The corporate computing arena has been forever transformed by the rapid proliferation of new technologies and services, including big data, cloud computing and mobility. Although these trends have been highly beneficial in terms of operational efficiency, productivity and spend-management, they each come with a unique set of security requirements for organizations that are using them today.
Analysts have suggested that cloud computing can actually be used to refine and improve corporate security through the centralization of oversight procedures, but the vulnerabilities of this technology are just as important to remember. For one, the majority of cloud users leverage managed, hosted services for delivery purposes, meaning that data and network oversight responsibilities will be spread between the adopter and the vendor.

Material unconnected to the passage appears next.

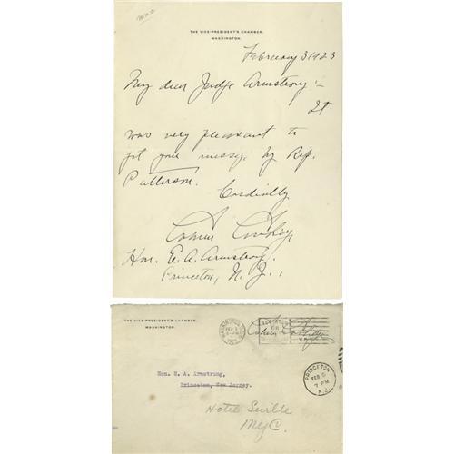 <B>Calvin Coolidge Uncommon Autograph Letter Signed as Vice President</B></I> Autograph Letter Signed, <I>as Vice President,</B></I> 1 page, on the embossed letterhead of The Vice President's Chamber, Washington, February 3, 1923. To Judge E. A. Armstrong in Princeton. In Fine condition, with a huge signature. Accompanied by the transmittal envelope bearing Coolidge's printed free frank. In full: "<I>It was very pleasant to get your message by Rep. Patterson. Cordially...</B></I>" From the Henry E. Luhrs Collection. Accompanied by LOA from PSA/DNA.

The recent Omnibus Rule that was attached to the Health Information Portability and Accountability Act has direct implications for health care providers who are using cloud computing, while other statutes will govern HIPAA email and alternative technologies used for collaborative purposes. Regardless of which industry an organization might be competing in or what regulatory compliance statutes it must oblige, though, cloud deployments must be accompanied by refined and modernized security frameworks.
A real challenge
Wired Magazine recently reported that the Ponemon Institute has released a new study that sought to discover the breadth of new risks that can come with a cloud computing deployment. The research was backed by analytics and policy provider Netskope, and surveyed more than 600 IT professionals regarding their experiences with risk management following one or more cloud computing deployments.
According to the news provider, roughly 30 percent to 50 percent of all IT frameworks are either based in cloud computing or attached to the technology, while users are accessing the environments from upward of three unique devices each on average. The Ponemon Institute's Data Breach: The Cloud Multiplier Effect report revealed that 66 percent of respondents look at cloud computing deployments as hindrances to control and security.

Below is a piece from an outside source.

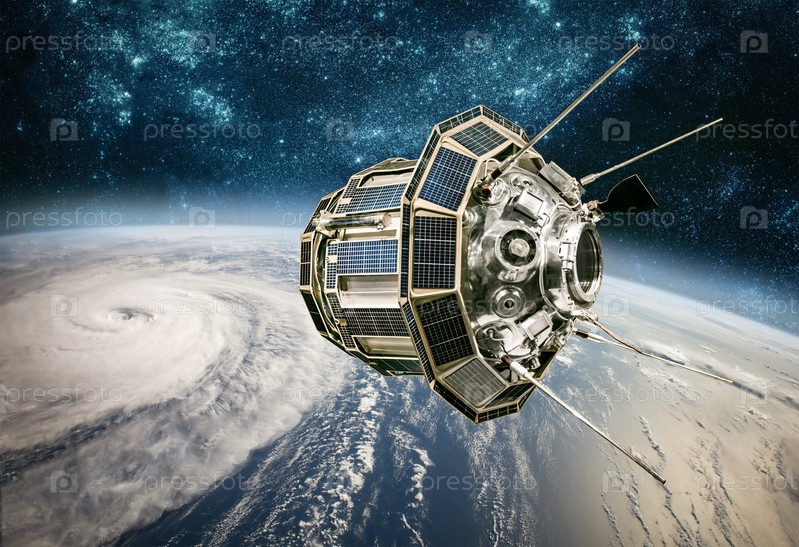 Космический спутниковый мониторинг с околоземной орбиты, погода из космоса, ураган, тайфун на планете Земля

The source pointed out that the researchers believe the cloud can increase the risk of data breach by three times, noting that the cost of these events continues to rise rapidly among a variety of industries and regions. The analysts also found that 64 percent of respondents feel as though the cloud acts as an obstacle standing in the way of effective mission-critical application security and resilience to outages.
Finally, the Ponemon Institute found that nearly two-thirds of the survey participants do not even know if their firms diligently assess cloud computing solutions - specifically applications - before deploying and using them for core operational functions, Wired Magazine noted.
While all of these findings might persuade leaders to simply avoid cloud computing, the source affirmed that this is not necessarily feasible given the increased importance of the technology in the average industry.
What can be done
Past research from the Ponemon Institute indicated that the majority of data breaches are caused by insider threats, employee error and leadership negligence, regardless of which technologies are being used by the victimized business at the time of the incident. The trick to maintaining a competitive edge with new technologies and not taking on extraneous risk is the use of expert guidance and helpful tools to secure the investments and the data traveling through them.
Mobility, big data and other trends have rapidly transformed from novel movements to necessary and required implementations for the average organization, and waiting too long to deploy these tools can hurt a company's profitability. As such, using providers of secure email and other IT and communications protections is often the best step forward for businesses.